Ciao Zoro, hai visto che Bersani, secondo il sondaggio commissionato dal Riformista, avrebbe già vinto e il popolo delle primarie non esisterebbe più? Hai visto che Fassino s'è incazzato e vi accusa di essere il quotidiano della mozione Bersani? Tu cosa ne pensi? – Circolo Pd Le Mani Sulle Palle

Leggere quel sondaggio m'ha stupito non poco, tanto appaiono vago il campione intervistato, evidente l'intento mediatico,

controproducente per Bersani la smodata eco generata dal vuoto del dibattito estivo precongressuale. Questi sondaggi, come se non bastasse, portano notoriamente sfiga. Ciononostante, la tentazione di tastare il polso dell'elettorato più indefinito che ci sia (quello delle primarie Pd mentre è in vacanza) è forte, e confesso che anch'io, con buona pace di Fassino, sto conducendo personalissimi sondaggi balneari.
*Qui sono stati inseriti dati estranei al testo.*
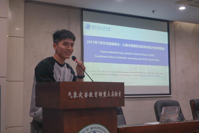 刘雪峰做了题为《2021年7月华北极端降水:大西洋增暖和北极海冰减少的共同影响》的报告,他首先介绍了如何寻找影响2021年7月华北极端降水的主要物理因子,详细阐述了大西洋暖海温以及北极海冰减少对华北极端降水的物理机制,并通过数值模拟对研究结果进行了验证。接着,他通过丰富的图文向同学们详细展示了自己的研究成果,为同学们树立了榜样,给予同学们很大的启发。
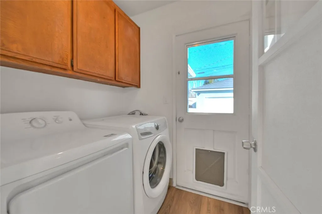 Charming Lakewood home with a freshly painted exterior that boasts great curb appeal. An appealing floorplan includes 3 bedrooms, 1 1/2 bathrooms, a spacious family room with fireplace, formal dining area and living room. Neutral interior wall color will compliment any desired decor. The kitchen is nicely sized with generous amounts of storage and has a counter that opens to the dining room. A great way to open up the floor plan while also offering a practical way to serve guests. Also, there is plenty of counter space to work within the kitchen. Convenient indoor laundry room with extra storage cabinets overhead. Always a bonus to have more storage space inside. Upgraded laminate flooring in the kitchen, family room and dining room, shows sharp! Recessed lighting adds another nice update to the family room. The dramatic brick corner fireplace creates a relaxing ambiance that invites you to sit and enjoy. Primary bedroom is comfortably sized and enjoys a ceiling fan. The living room has wonderful natural light and can be used as a home office space, currently staged as that. Wooden floors are in the living room, hallway and all 3 bedrooms for those who can appreciate the vintage beauty of an era that showcased quality construction materials. Private backyard has low maintenance concrete without lawn but there is a raised planter for greenery touches. Detached 2 car garage is located behind the side gate/fencing. The home is located to many nearby amenities including multiple parks including Heritage Park, Del Valle Park, W. San Gabriel River Parkway Nature Trail. There are

Mio zio di Parma ogni volta che m'incontra mi dice “sono incerto tra Bersani e Franceschini”; quando gli domando cosa lo blocchi, lui risponde “dietro Bersani c'è Bassolino”, che come approccio è comunque più originale del più classico “dietro Bersani c'è D'Alema”. Quando obietto che dietro tutti c'è qualcuno che non ci piace, lui si blocca più di prima, ad un niente dal passare nella percentuale dei “probabilmente non andrò a votare”. L'ultima volta che abbiamo dato vita a questo copione eravamo circondati da un gruppo di suoi amici; attesa pazientemente la fine del dialogo si sono dichiarati spontaneamente bersaniani, tutti (tutti di Parma pure loro) e il timore di accompagnarsi inconsapevolmente a tanti Bassolini ha ulteriormente bloccato lo zio. Per completezza d'informazione aggiungo che quando ho detto “zio, se vuoi puoi sempre votare Marino”, tanto lui quanto i suoi amici mi hanno educatamente ma robustamente invitato ad una più matura evoluzione del dibattito.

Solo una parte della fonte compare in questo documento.